Pourtant, contrairement aux crayons et aux diamants, le graphène n’existe que depuis un peu plus d’une décennie. Si le matériau est nouveau, le processus de base ne l’est pas. Tous les systèmes de traitement du son, de l’oreille humaine au microphone moderne, utilisent des récepteurs membranaires similaires pour enregistrer la fréquence et l’amplitude.

L’utilité du graphène commence seulement à être comprise, et lorsqu’il a été inventé, peu de gens auraient pu prédire que la substance pourrait être utilisée pour combattre la résistance aux antibiotiques.

“La résistance aux antibiotiques sera le prochain grand problème auquel la communauté mondiale sera confrontée”, a affirmé M. Alijani.

En 2019, les CDC ont fait état d’une moyenne de plus de 2,8 millions d’infections et de 45 000 décès dus à des microbes résistants aux antibiotiques, rien qu’aux États-Unis. L’agence lance un avertissement urgent, appelant à des méthodes de test plus rapides et plus informatives.

“Lorsqu’une seule bactérie adhère à la surface d’un tambour de graphène, elle génère des oscillations aléatoires avec des amplitudes aussi faibles que quelques nanomètres que nous avons pu détecter. Nous avons pu entendre le son d’une seule bactérie.”
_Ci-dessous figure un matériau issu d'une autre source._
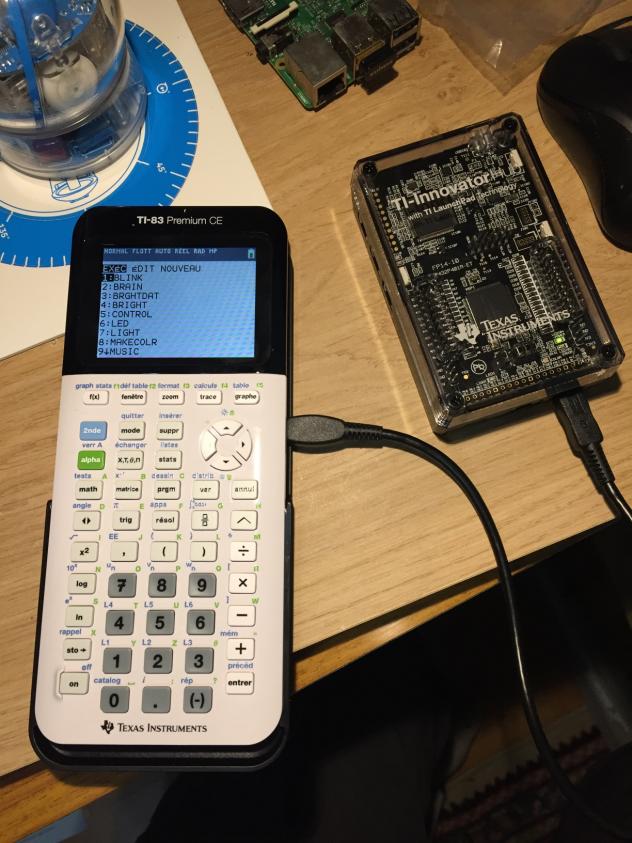 La carte est dérivée de la plateforme matériel TI LaunchPad, modèle MSP-EXP432P401R-ET, architecturé autour d’un ARM Cortex. Elle possède 3 entrées, 3 sorties, un connecteur I2C, au format bien connu des connecteurs Grove. Par défaut, elle embarque un capteur de luminosité, une led RGB, une led rouge, un haut-parleur. En classe, l’élève pourra utiliser une calculatrice de type TI-83 ou 84. Le hub se relie à la calculatrice avec un câble, qui fournit l’alimentation de la carte. Les derniers modèles embarquent un système incorporant l’app Hub et plusieurs exemples de codes. Il est aussi possible d’utiliser un PC Windows ou un Mac pour coder le Hub, via le logiciel TI-Nspire CX Technology. Ce logiciel n’est malheureusement pas gratuit. Espérons que d’autres IDE seront compatibles rapidement. Pour le développement, on utilisera le TI Basic, sur la calculatrice, et du LUA sur son ordinateur. Le tarif est assez intéressant : 70 $. Des kits, contenant des capteurs, sont proposés par TI à 35 $.

Les chercheurs basés aux Pays-Bas pensent avoir une solution. La collaboration entre le laboratoire de nano-biologie de Dekker et le laboratoire de nanomécanique de Steeneken a jusqu’à présent donné des résultats impressionnants, en menant leurs premières expériences avec E. coli bactéries.
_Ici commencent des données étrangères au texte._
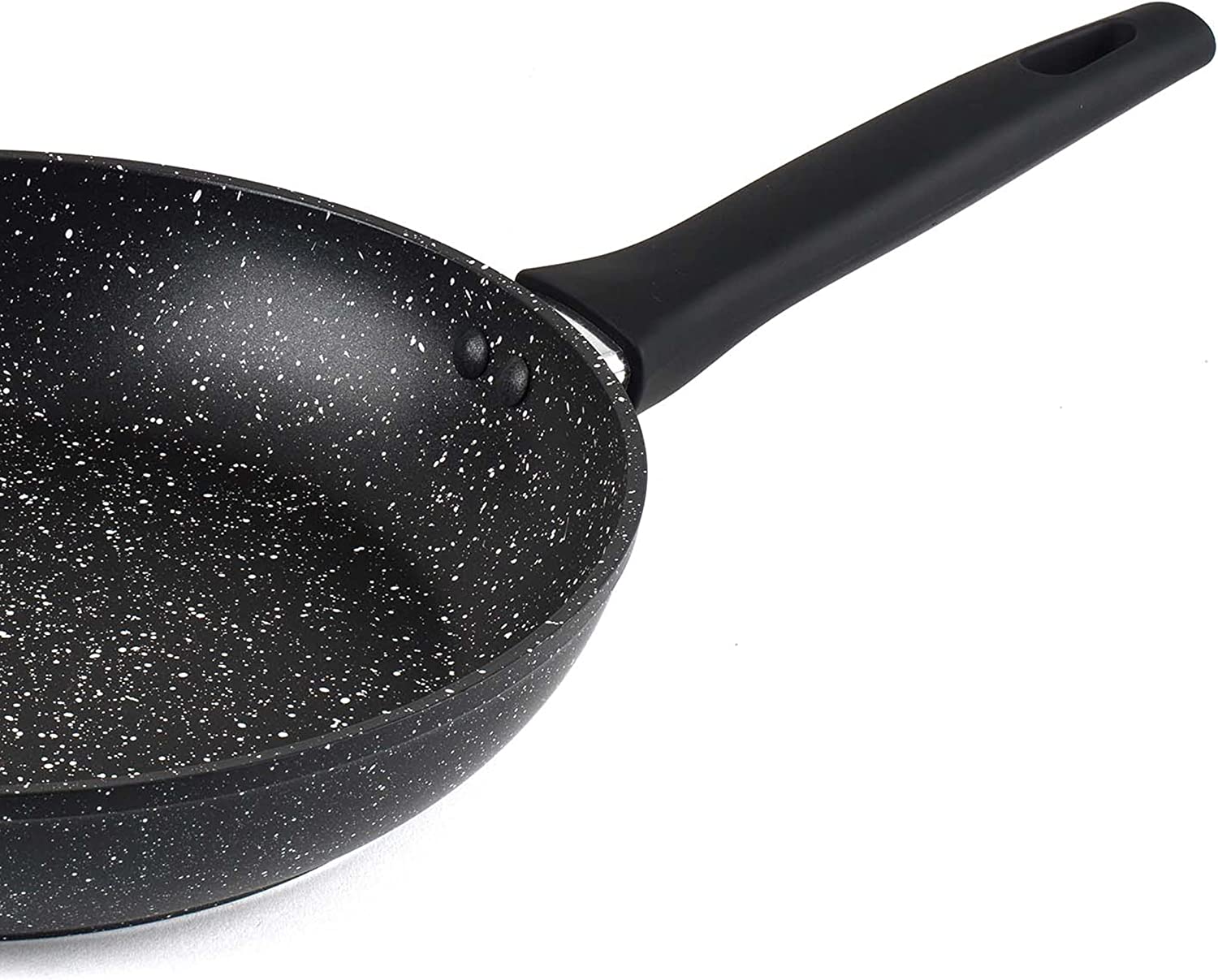 Šios juodos keptuvės, tinkamos visų tipų viryklėms, įskaitant indukcines, turi patrauklią marmurinę apdailą, kuri suteiks stiliaus atspalvį bet kokiems namams.

“Nous sommes en train d’optimiser notre installation, et nous la validons sur une variété d’échantillons pathologiques dans des isolats cliniques de bactéries, non seulement… E. coli“, a déclaré Alijani, faisant allusion aux études en cours. ” Par exemple , pseudomonas est une autre bactérie avec laquelle nous travaillons, ainsi que d’autres bactéries gram positives et gram négatives. En bref, ce n’est pas quelque chose qui est seulement pour Pseudomonas.E. colimais nous pouvons en fait détecter ce son pour une grande variété de cellules bactériennes.”

Bien que son origine exacte reste mystérieuse, la nanomotion fournit une signature de vie définitive en temps réel, ce que Steeneken a qualifié d'”outil inestimable dans la lutte contre la résistance aux antibiotiques, une menace toujours plus grande pour la santé humaine dans le monde.”

Fournissant des évaluations précises dans un délai de deux heures, leur surveillance vibratoire permet d’améliorer considérablement la qualité de la vie.a surpassé les tests standards de laboratoire. Si les bactéries ne vibrent plus, l’antibiotique en question a fait son travail comme prévu. Affaire classée.

“C’est quelque chose qui pourrait vraiment changer le paradigme actuel dans la façon dont nous effectuons nos tests de sensibilité aux antibiotiques et qui peut rendre le diagnostic des maladies infectieuses beaucoup plus rapide”, a ajouté Alijani.

Les délais d’exécution typiques d’un ou deux jours dans les laboratoires cliniques restent un statu quo dangereusement lent. Pourtant, l’application à grande échelle de la surveillance en temps réel au niveau cellulaire pourrait révolutionner les tests de résistance aux antibiotiques, ce qui soulève la question suivante : pourquoi personne n’a pensé à écouter les signes de vie des bactéries auparavant ?

En fait, ils auraient pu le faire, mais l’enregistrement de vibrations aussi minuscules n’est pas un simple exploit d’ingénierie audio. Les chercheurs n’y sont parvenus qu’avec une membrane de graphène, fine mais incroyablement résistante, contre laquelle la force des vibrations a été enregistrée.

Ce n’est qu’en 2010, lorsque la Société royale suédoise des sciences a décerné le prix Nobel de physique à Andre Geim et Konstantin Novoselov pour avoir réalisé ce que l’on croyait impossible, en synthétisant un “mince flocon de carbone ordinaire, d’un seul atome d’épaisseur”, qu’ils ont appelé “le réseau atomique parfait”, qu’une telle merveille technologique est devenue possible.